Альбина то и дело смотрела на часы, но, в отличие от Вадима, ей казалось, что стрелки скачут вперед, как взбесившиеся кони.
— Ну, скоро? — звенящим от напряжения голосом спросила она.
— Сейчас родимая заведется, — успокоил ее водитель. — Не волнуйтесь, к поезду успеем.
Альбина подошла и уставилась лихорадочно блестевшими глазами в сплетения каких-то грязных металлических трубок и штуковин, словно ее умоляющий взгляд мог каким-то чудом завести машину.
На заднем сиденье дремала Татьяна Львовна.
Не обращая внимания на подошедшего Голощекина, Вадим тряс Керзона, вцепившись ему в плечо:
— Где Альбина?!
Голощекин приложил руку к козырьку и осведомился:
— Так, живой?
Керзон вскочил и захлебнулся благородным негодованием:
— Слушайте, вы, капитан! Посмотрите, что ваши люди сделали с этим человеком. Он весь избит! Он, популярнейший артист в СССР! — Керзон помахал пальцем перед носом Голощекина. — Он пел во Дворце съездов, пел министрам, министру обороны! И поверьте мне, у вас будут крупные неприятности! Это я вам говорю, Семен Керзон.
Голощекин слушал внимательно, кивал, и лицо его становилось все строже и бдительнее.
— Ваша фамилия — Керзон? — спросил он сухо.
— Керзон.
— А его — Глинский?
— Да, Глинский! — гордо ответил Семен — так гордо и сам Вадим не умел произносить свою фамилию.
Голощекин удовлетворенно кивнул. Достал и раскрыл планшет. Движения у него были четкие, даже немного театральные. Сейчас он с упоением играл роль бдительного пограничника, задержавшего очередного диверсанта.

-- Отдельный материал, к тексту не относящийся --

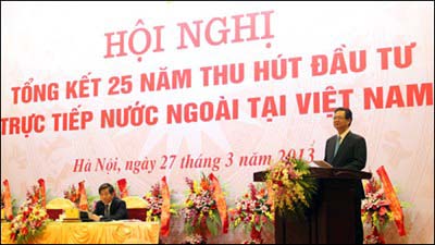 Vietnam ha empleado con eficacia este tipo de Inversión foránea con el empeño de mejorar la fisonomía económica en el proceso de integración internacional. Sin embargo, el país necesita superar deficiencias a fin de potenciar los recursos internos y crear confianza para los inversionistas extranjeros. Así lo pidió el primer ministro Nguyen Tan Dung en la reunión que evaluó los 25 años de apertura a la inversión extranjera directa en Vietnam. “Lo que hacemos ahora es promover la reforma de los procedimientos administrativos para ofrecer incentivos y beneficios a los inversionistas extranjeros. Además, debemos perfeccionar los documentos legales y las políticas de inversión para elevar la competitividad en comparación con otros países en la región”.

— Я для начала перечислю места ваших преступных авантюр, — самым вежливым образом объявил он.
— Какие преступные авантюры? — возмутился Керзон. — Вот это вы называете авантюрами?! — Он патетически простер руки к Вадиму, который, прикладывая мокрый носовой платок к рассеченной губе, пытался остановить кровь. — Да петь может каждый дурак! Попробуйте продать этого дурака!
Керзон все еще думал, что речь идет о левых концертах или махинациях с билетами. Голощекин показался ему туповатым бравым служакой. Нет, Керзон не жалел, что послушался напористого телефонного собеседника и ввязался в интригу, он соблюдал свои интересы — удалял Альбину. Но теперь ему пришло в голову надуть всех и загрести жар чужими руками. С Альбиной покончено, это ясно. Основная часть представления удалась, на остальное плевать. Керзон вам не мальчик резвый и кудрявый, на него где сядешь, там и слезешь. Он сам кого хочешь напугает. Теперь главное — внушить Вадиму, что лишь он, Семен Керзон, может защитить и поддержать его, лишь ему, Керзону, можно доверять.
Однако грандиозным планам его не суждено было сбыться. Бенефис Керзона в пьесе «Посрамление бравого капитана» решительно не удался.
Голощекин раскрыл планшет, нашел нужную бумажку, провел пальцем по строчкам:
— Я продолжаю.
— У нас концерт! — наступал на него Семен. — У нас аншлаг и переаншлаг! И какие-то подонки уродуют знаменитого артиста…
Голощекин, не обращая внимания на этот страстный монолог, принялся перечислять скучным голосом:
— Итак. Поволжье. Воронеж и область. Татария. Мордовия. Ташкент.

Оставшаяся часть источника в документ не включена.